## Work instruction
Below are the records; extract from them the line containing "Deanna Stellato-Dudek e" to the line containing "Mouse cartoon. Black", both lines included, exactly and with no pictures.

## Data provided
*-*-*

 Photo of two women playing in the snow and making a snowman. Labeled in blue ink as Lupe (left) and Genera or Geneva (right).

*-*-*

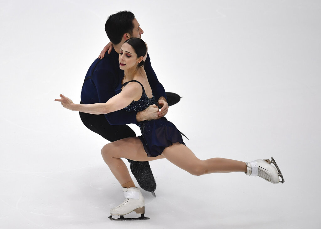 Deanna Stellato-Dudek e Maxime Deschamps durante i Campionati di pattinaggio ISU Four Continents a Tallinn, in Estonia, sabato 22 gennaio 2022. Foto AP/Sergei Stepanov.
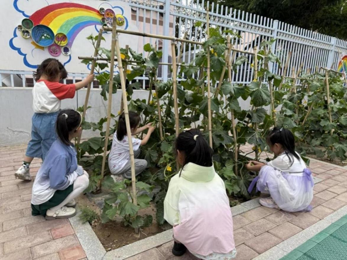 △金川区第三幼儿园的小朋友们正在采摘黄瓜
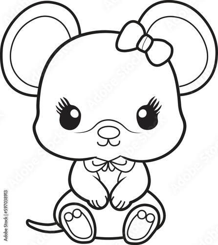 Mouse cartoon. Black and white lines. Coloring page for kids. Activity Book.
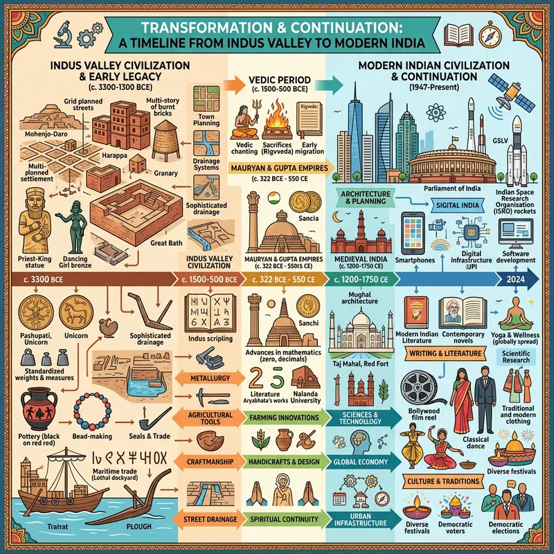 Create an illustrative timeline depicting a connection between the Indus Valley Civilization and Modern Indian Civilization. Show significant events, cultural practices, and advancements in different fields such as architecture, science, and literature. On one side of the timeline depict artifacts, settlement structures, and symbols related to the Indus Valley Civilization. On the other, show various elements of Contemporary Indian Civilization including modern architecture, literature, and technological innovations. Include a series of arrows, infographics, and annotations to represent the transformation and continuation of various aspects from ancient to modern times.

*-*-*

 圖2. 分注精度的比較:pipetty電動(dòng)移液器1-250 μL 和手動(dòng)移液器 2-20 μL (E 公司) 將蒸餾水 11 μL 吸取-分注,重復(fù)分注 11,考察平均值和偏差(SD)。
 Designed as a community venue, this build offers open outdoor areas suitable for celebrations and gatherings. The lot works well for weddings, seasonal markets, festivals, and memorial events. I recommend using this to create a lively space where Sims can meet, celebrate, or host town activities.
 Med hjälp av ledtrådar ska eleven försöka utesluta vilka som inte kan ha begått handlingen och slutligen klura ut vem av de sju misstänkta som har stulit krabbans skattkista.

*-*-*

## Final answer
 Deanna Stellato-Dudek e Maxime Deschamps durante i Campionati di pattinaggio ISU Four Continents a Tallinn, in Estonia, sabato 22 gennaio 2022. Foto AP/Sergei Stepanov.
 △金川区第三幼儿园的小朋友们正在采摘黄瓜
 Mouse cartoon. Black and white lines. Coloring page for kids. Activity Book.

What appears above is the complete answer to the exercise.